Getting Started: Log Your Food
To analyze your nutrient intake, begin by consistently logging your meals and snacks into your MyFitnessPal food diary. The app's extensive food database and tools make logging straightforward, forming the basis for the nutritional data provided.
How to log your food
- Open the App: Launch MyFitnessPal.
- Navigate to the Diary: Tap the 'Diary' icon.
- Add Food: Tap '+ Add Food' under a meal section.
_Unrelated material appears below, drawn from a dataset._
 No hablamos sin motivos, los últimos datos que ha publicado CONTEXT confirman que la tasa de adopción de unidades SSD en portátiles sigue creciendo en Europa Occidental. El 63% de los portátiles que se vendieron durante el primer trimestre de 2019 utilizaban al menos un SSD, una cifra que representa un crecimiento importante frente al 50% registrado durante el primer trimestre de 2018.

- Find Your Food: Use the search bar or scan a barcode.
- Confirm Details: Adjust serving size and quantity. For precision, a food scale is recommended.
Checking Your Macronutrients (Macros)
MyFitnessPal offers a visual breakdown of your intake of macronutrients: carbohydrates, protein, and fat.
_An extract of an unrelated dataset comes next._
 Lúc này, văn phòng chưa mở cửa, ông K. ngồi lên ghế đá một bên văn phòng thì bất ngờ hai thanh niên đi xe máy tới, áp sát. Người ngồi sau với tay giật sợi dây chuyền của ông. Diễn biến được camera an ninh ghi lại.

Accessing your macro report
- Tap 'More': From your dashboard, tap the 'More' button.
- Select 'Nutrition': Choose 'Nutrition'.
- View 'Macros': Tap the 'Macros' tab.
A pie chart shows the daily percentage breakdown of calories from macros. Below, find gram totals compared to your goals. Switch between 'Day View' and 'Week View' for different periods.
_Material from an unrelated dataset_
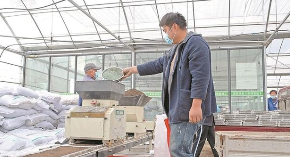 铲底土、递秧盘、加稻种、运秧盘……在育秧工厂的大棚里,七八名工人各司其职,围着正在运转的全自动水稻育秧播种流水线,有条不紊地忙碌着,现场一派热火朝天的景象。一张张空秧盘随着机器的运转,实现从铺土、播种、洒水、覆土全程自动化。做好的育秧盘接着就被小车运送至一侧有序摆放。

Reviewing Your Micronutrients (Micros)
Tracking micronutrients like vitamins and minerals is important for overall health. The app's free version tracks some, while the premium version offers a more comprehensive list and goal-setting.
Accessing your micro report
- Navigate to 'Nutrition': Follow the same steps: 'More' > 'Nutrition'.
- Select 'Nutrients': Tap the 'Nutrients' tab to see a list of daily vitamin and mineral totals.
The report shows your daily total, goal, and remaining amount for each nutrient. Key micronutrients tracked include vitamin A, vitamin C, calcium, iron, and potassium. Consuming a variety of colorful fruits and vegetables is a good approach for hitting micronutrient targets.
Diving Deeper: Understanding the Nutrition Reports
MyFitnessPal's reports help identify long-term trends and adjust your diet.
Utilizing different report views
- Day View: Shows current day's intake (default for 'Macros' and 'Nutrients' tabs).
- Week View: Provides a bar graph of your average daily intake over the past week, useful for identifying patterns.
- Change Date: In 'Day View', analyze previous days' nutrient intake.
Advanced features and insights
Premium users access more detailed insights:
- Custom goals in grams: Set specific macro targets in grams.
- Nutrient goals by meal: Assign nutrient targets to individual meals.
- Net Carbs Mode: Automatically tracks net carbs for low-carb diets.
MyFitnessPal Free vs. Premium Nutrient Tracking
| Feature | Free Version | Premium Version | 
|---|---|---|
| Macro View (Pie Chart) | Shows percentage of total calories. | Also shows grams and allows setting goals in grams. | 
| Micro View | Limited to showing total daily intake for a set list of nutrients. | Allows setting specific goals for a more extensive list of micronutrients. | 
| Meal Analysis | Basic view of nutrients per meal. | Detailed analysis of calorie and macro goals per meal. | 
| Weekly Insights | Basic weekly summaries in the 'Week View'. | In-depth analysis, customizable dashboards, and detailed reports. | 
| Net Carbs | Requires manual calculation. | Automated tracking via Net Carbs Mode. | 
Conclusion: Making Smarter Choices with MyFitnessPal
By consistently logging food and using MyFitnessPal's features, you gain a deeper understanding of your diet. Knowing how to check nutrients on MyFitnessPal? enables informed decisions beyond just calorie counting, focusing on food quality and balance. Tracking macros for fitness or micros for a balanced diet, the app provides necessary data. Consistent, accurate logging and using analysis tools, especially weekly reports, help identify trends and maintain healthy habits long-term. A balanced diet with various fruits, vegetables, and whole grains is a proven strategy for health and well-being.